Kévin attire sa femme sur son épaule avec une immense tendresse.

— Tu ne m’en avais jamais parlé. C’est pour ça que tu ne veux pas d’animaux pour les enfants ?

— Oui. Mais je crois que ça les prive de quelque chose de bien. Tous les chats ne finissent pas écrasés… Il faudra quand même qu’on le laisse derrière et, si tu peux, je veux bien que tu renforces le grillage.

56

J’ai adoré la soirée passée chez Clara et Kévin. Je m’y suis sentie bien. Mieux, je m’y suis sentie moi-même. À tel point que je n’ai pas vu les heures défiler. Alexandre m’a demandé si je pouvais redéposer Sandro « puisque c’est sur ton trajet ». Ben voyons. Ils auront vraiment tout tenté pour me pousser dans ses pattes. Je ne m’en plains pas.

Au beau milieu de la nuit, nous ne croisons que des fêtards qui rentrent probablement de boîte avec les approximations de conduite qui vont avec. Sandro regarde devant lui. Est-ce le pompier qui s’inquiète du comportement des automobilistes, ou l’homme qui n’ose pas engager la conversation ?

Je tente un pas timide :

— Ce que tu nous as confié au sujet de ton grand-père m’a vraiment touchée, tu sais. L’hommage que vous lui rendez, de père en fils, m’impressionne.

— Merci. Parfois j’aimerais bien oublier cette histoire et ne pas avoir à porter cet héritage. Mon grand-père était très courageux. Je ne pense pas l’être autant que lui. Pas toujours facile d’assumer la charge…

— Tu as peur ?

— Ce n’est pas tant les interventions qui me pèsent que la vision du monde que j’en retire. On passe notre vie à constater des catastrophes. Nous sommes aux premières loges du pire. Les vies basculent si vite… Les gens ne se rendent pas compte — et tant mieux pour eux. Ils sont au mieux insouciants, au pire stupides.
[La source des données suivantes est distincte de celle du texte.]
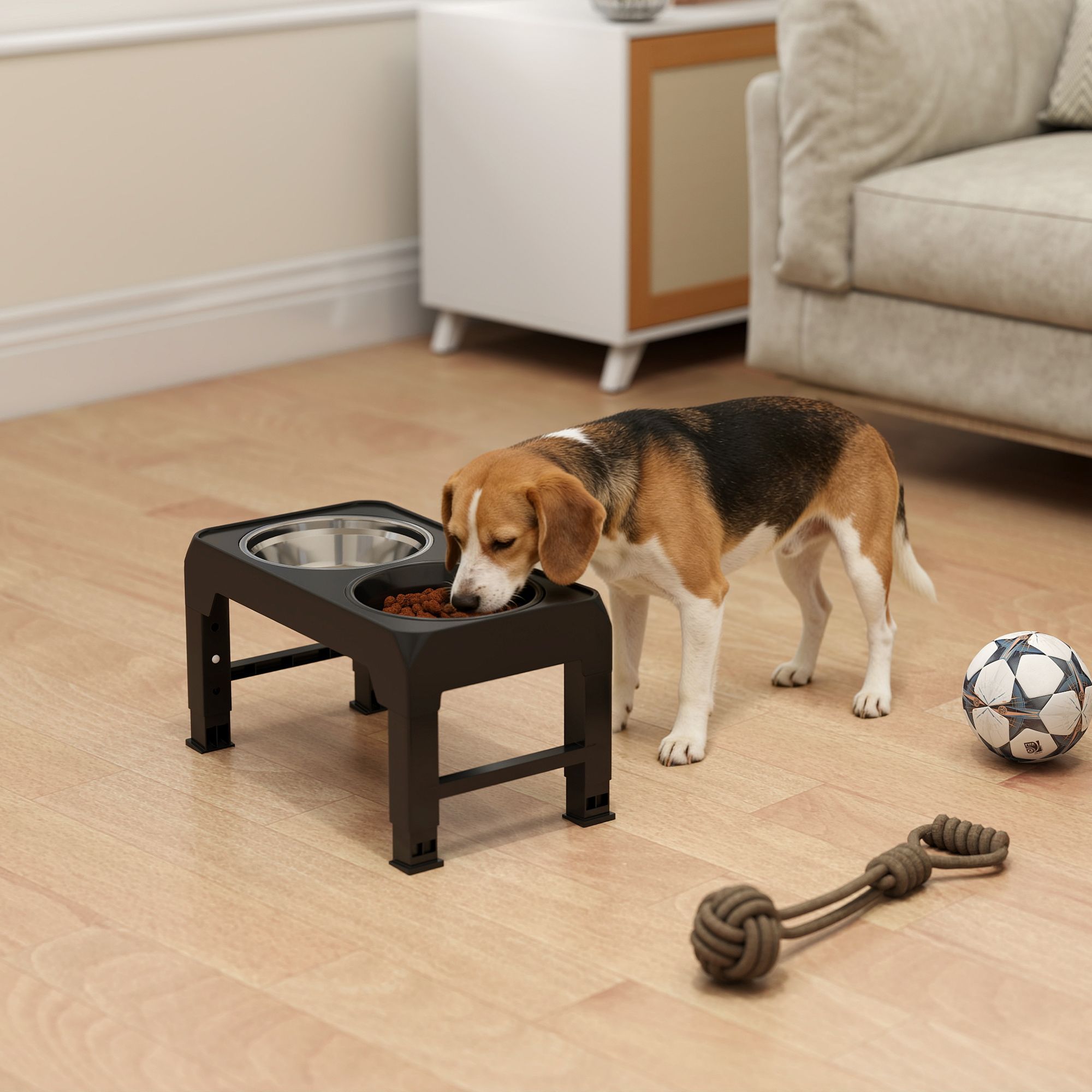 BRANDOR Foldable Raised Dog Bowl with Slow Feeder - Black

J’ai l’impression de passer ma vie au bord d’un gouffre à empêcher des inconnus d’y tomber ou de s’y jeter. C’est épuisant. Certains soirs, je rêve d’être né de la dernière pluie, de ne rien savoir.
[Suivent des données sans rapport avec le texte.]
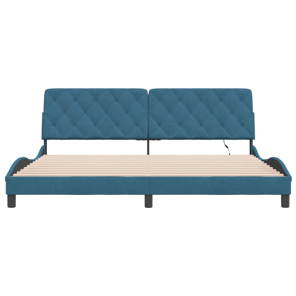 Dieses Bettgestell mit LED-Leuchten sorgt für eine erholsame Nachtruhe! Es stellt eine einladende Ergänzung zu jedem Schlafzimmer dar. Weicher Samt: Samt ist ein weicher und bequemer Stoff, der sich angenehm auf der Haut anfühlt. Sperrholzlatten: Die Sperrholzlatten sorgen für eine gute Gewichtsverteilung und auch dafür, dass die Matratze bei jeder Bewegung deines Körpers während des Schlafes an Ort und Stelle bleibt. Ausgezeichnete Unterstützung: Das Kopfteil-Kissen ist mit Schaumstoff gefüllt und fühlt sich daher extra weich und komfortabel an. Es bietet eine ausgezeichnete Rückenunterstützung beim Sitzen im Bett oder Fernsehen. Bunter LED-Streifen: Die farbenfrohen LED-Leuchten bringen das Schlafzimmer zum Leuchten! Die Klettverschlüsse auf der Rückseite des Kopfteils können zur Befestigung der LED-Leuchten verwendet werden. Wellenförmiges Seitendesign: Das stilvolle und raffinierte Design in Wellenform verleiht deiner Einrichtung eine moderne und elegante Note und macht das Bettgestell zum Mittelpunkt deines Schlafzimmers. Gut zu wissen:Bei diesem Bett ist keine Matratze im Lieferumfang enthalten. Wir bieten jedoch eine große Auswahl an Matratzen an. Du kannst in unserem Shop nach einer passenden Matratze suchen.Das Produkt verfügt über einen USB-Anschluss, für den eine zertifizierte 5V-USB-Stromquelle erforderlich ist (nicht im Lieferumfang enthalten).

— Il faut penser à autre chose, te distraire.

— Je suis devenu incapable de me détendre. Partout, je ne vois que des risques et des dangers potentiels. Chaque mégot est un début d’incendie, chaque bricoleur sur une échelle est un futur blessé à évacuer d’urgence, chaque enfant qui joue près de bidons de produits d’entretien une victime éventuelle. Chaque téléphone qui sonne est une alerte. Je n’ai peut-être pas assez de force morale pour porter tout cela.

Il fait preuve d’une profondeur et d’une gravité que je n’imaginais pas. Il m’avait déjà surprise lorsqu’il était venu partager le secret de son attentat avec moi, mais c’est une nouvelle facette que je découvre à présent.